§ **Information provided**:

┄┄┄┄┄┄

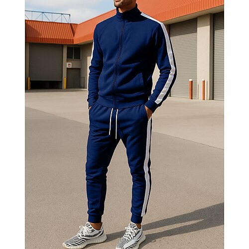 Per uomo Tuta da 2 pezzi Felpa con cappuccio Lounge Set di tute da ginnastica Con zip Blocco di colori Completo Abbigliamento Primavera Nero Blu Palestra Allenamento Corsa Vita Alta Leggero Di
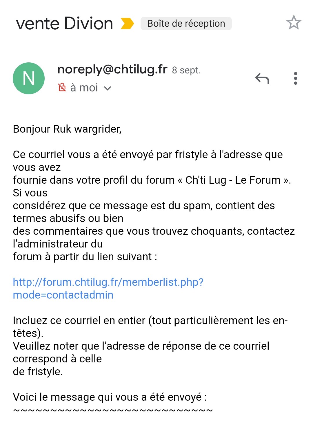 Effectivement ruk, c'est bien un email envoyé via le forum et non un mp
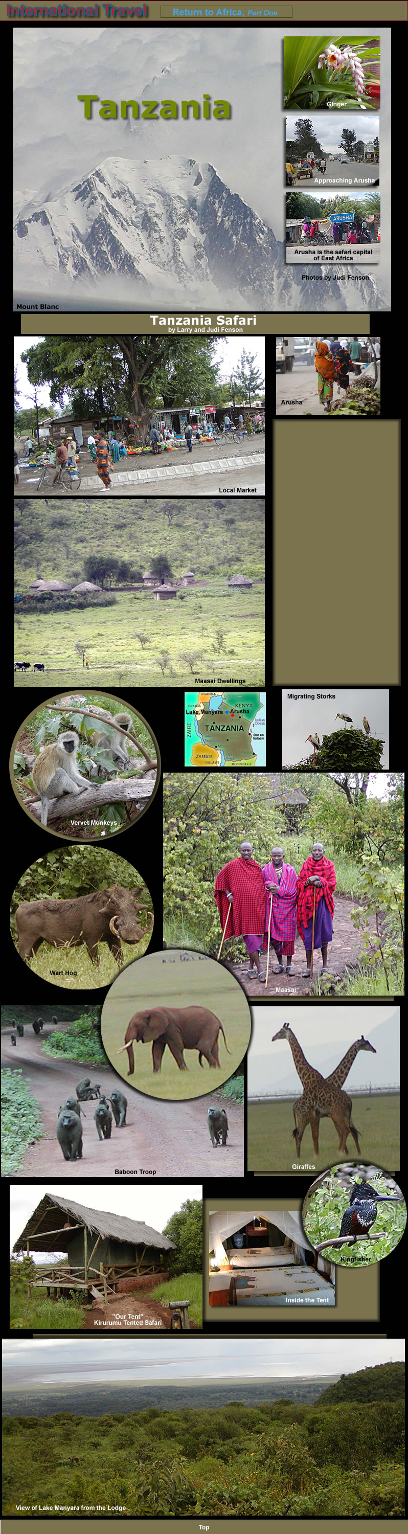 May 2003 We eventually cleared customs and found our 2Afrika representative who transported us to the Ilboru Safari Lodge, a 45 minute drive from the airport for some much-needed rest. The following morning we got a better look at the tropical grounds, resident birds, and the brick, ivy-covered Ilboru Lodge cottages, each with a conical thatched roof. We were exhilarated to be in Africa again (our second visit) and we were eager to get on to our first game park. Our driver/guide for the next six days was Shabba, an affable and knowledgeable resident of a nearby village. Our photo safari will be presented in installments in the next several issues of the magazine. We begin with Lake Manyara. We drove back through Arusha enroute to our first game park. As is true of towns in many third world regions, the core area is pretty shabby. The fringes of the town were more village-like and more distinctly African. These areas teem with people, push carts, bikes, wagons, trucks, and vans criss-crossing everywhere among small markets and shops. The setting was further enlivened by the ultra-colorful clothing worn by the local women. There are great scenes to capture at every turn, but you are reluctant to do so unless your picture can be taken discretely. You see people selling gasoline in bottles and carrying all manner of items on their heads and in huge sacks and baskets. As we entered into the green grasslands, we began to see the semi-nomadic Maasai in their highly distinctive red robes, and occasional picturesque thatched dwellings. We kept searching for majestic Mt. Kilimanjaro without success. It is habitually enshrouded in clouds. Within an hour beyond Arusha, the road was virtually deserted. We caught sight of some giraffes and then some ostriches. As we approached Shabba's village, we encountered one of the most amazing scenes of the entire trip. Trees lined each side of the road for a distance of perhaps a third of a mile. In the trees were many hundreds of migrating storks. We stayed here for 30 minutes, fascinated, watching these huge birds take off and glide back to their nests. It was just one of those indescribable scenes. We entered Lake Manyara National Park late morning. This park is very lush and dense with red dirt roads and numerous streams, quite different from the Serengeti plain we had seen on an earlier trip to Kenya. We seemed to have close encounters with game at every turn in this park - vervet monkeys, hornbills, storks, impalas, giraffes, water buffalo, baboons, pelicans, ibis, herons, and kingfishers. We stopped at the lake where there were thousands of flamingoes, another unbelievable scene. All of this within our first hour in the park and not a single other vehicle in sight since passing through the gates. At one point, Shabba called our attention to a group of tsetse flies making themselves at home in our vehicle. The four us of eyed them warily, mindful of the stories we had all heard about these dreaded pests. During the 6 hours we spent in the park we also saw elephants, zebras, dik diks, several types of eagles and numerous other bird species, including the absolutely gorgeous green and yellow bee eater. We were surprised to learn that there are more than 500 bird species in Tanzania, almost as many as in the renowned bird watching regions of Central and South America. Moreover, in jungle areas you hear a lot of birds but it is difficult to see them as they are often high in the dense jungle canopy. In the game parks of Tanzania and Kenya, however, birds are often out in the open as there are relatively few trees. About 5:00 pm, we arrived at Kirurumu Luxury Tented Lodge. What a neat place! The tented units spread across a terraced slope overlooking Lake Manyara. Pathways between the tents and the open-air dining pavilion were landscaped with native plants, shrubs and trees. The tents did not require us to rough it. They were complete with verandas and full en suite facilities - as close as we're likely to come to an "Out of Africa" experience. Judi relished sitting on the veranda, sipping a glass of wine, and watching the sun set. While dinning, attendants spray your quarters with mosquito repellant and arrange the mosquito netting around your bed. Dinner was avocado and tomato salad, cream of onion soup, tilapia with potatoes and vegetables, and fresh fruit. A lightning storm moved through at bedtime and knocked out the lights, but who needs lights in a tent anyway. ...

┄┄┄┄┄┄

§ **Required action**:
Repeat the material above exactly; any picture in it is left out.

§ **Answer section**:
 Per uomo Tuta da 2 pezzi Felpa con cappuccio Lounge Set di tute da ginnastica Con zip Blocco di colori Completo Abbigliamento Primavera Nero Blu Palestra Allenamento Corsa Vita Alta Leggero Di
 Effectivement ruk, c'est bien un email envoyé via le forum et non un mp
 May 2003 We eventually cleared customs and found our 2Afrika representative who transported us to the Ilboru Safari Lodge, a 45 minute drive from the airport for some much-needed rest. The following morning we got a better look at the tropical grounds, resident birds, and the brick, ivy-covered Ilboru Lodge cottages, each with a conical thatched roof. We were exhilarated to be in Africa again (our second visit) and we were eager to get on to our first game park. Our driver/guide for the next six days was Shabba, an affable and knowledgeable resident of a nearby village. Our photo safari will be presented in installments in the next several issues of the magazine. We begin with Lake Manyara. We drove back through Arusha enroute to our first game park. As is true of towns in many third world regions, the core area is pretty shabby. The fringes of the town were more village-like and more distinctly African. These areas teem with people, push carts, bikes, wagons, trucks, and vans criss-crossing everywhere among small markets and shops. The setting was further enlivened by the ultra-colorful clothing worn by the local women. There are great scenes to capture at every turn, but you are reluctant to do so unless your picture can be taken discretely. You see people selling gasoline in bottles and carrying all manner of items on their heads and in huge sacks and baskets. As we entered into the green grasslands, we began to see the semi-nomadic Maasai in their highly distinctive red robes, and occasional picturesque thatched dwellings. We kept searching for majestic Mt. Kilimanjaro without success. It is habitually enshrouded in clouds. Within an hour beyond Arusha, the road was virtually deserted. We caught sight of some giraffes and then some ostriches. As we approached Shabba's village, we encountered one of the most amazing scenes of the entire trip. Trees lined each side of the road for a distance of perhaps a third of a mile. In the trees were many hundreds of migrating storks. We stayed here for 30 minutes, fascinated, watching these huge birds take off and glide back to their nests. It was just one of those indescribable scenes. We entered Lake Manyara National Park late morning. This park is very lush and dense with red dirt roads and numerous streams, quite different from the Serengeti plain we had seen on an earlier trip to Kenya. We seemed to have close encounters with game at every turn in this park - vervet monkeys, hornbills, storks, impalas, giraffes, water buffalo, baboons, pelicans, ibis, herons, and kingfishers. We stopped at the lake where there were thousands of flamingoes, another unbelievable scene. All of this within our first hour in the park and not a single other vehicle in sight since passing through the gates. At one point, Shabba called our attention to a group of tsetse flies making themselves at home in our vehicle. The four us of eyed them warily, mindful of the stories we had all heard about these dreaded pests. During the 6 hours we spent in the park we also saw elephants, zebras, dik diks, several types of eagles and numerous other bird species, including the absolutely gorgeous green and yellow bee eater. We were surprised to learn that there are more than 500 bird species in Tanzania, almost as many as in the renowned bird watching regions of Central and South America. Moreover, in jungle areas you hear a lot of birds but it is difficult to see them as they are often high in the dense jungle canopy. In the game parks of Tanzania and Kenya, however, birds are often out in the open as there are relatively few trees. About 5:00 pm, we arrived at Kirurumu Luxury Tented Lodge. What a neat place! The tented units spread across a terraced slope overlooking Lake Manyara. Pathways between the tents and the open-air dining pavilion were landscaped with native plants, shrubs and trees. The tents did not require us to rough it. They were complete with verandas and full en suite facilities - as close as we're likely to come to an "Out of Africa" experience. Judi relished sitting on the veranda, sipping a glass of wine, and watching the sun set. While dinning, attendants spray your quarters with mosquito repellant and arrange the mosquito netting around your bed. Dinner was avocado and tomato salad, cream of onion soup, tilapia with potatoes and vegetables, and fresh fruit. A lightning storm moved through at bedtime and knocked out the lights, but who needs lights in a tent anyway. ...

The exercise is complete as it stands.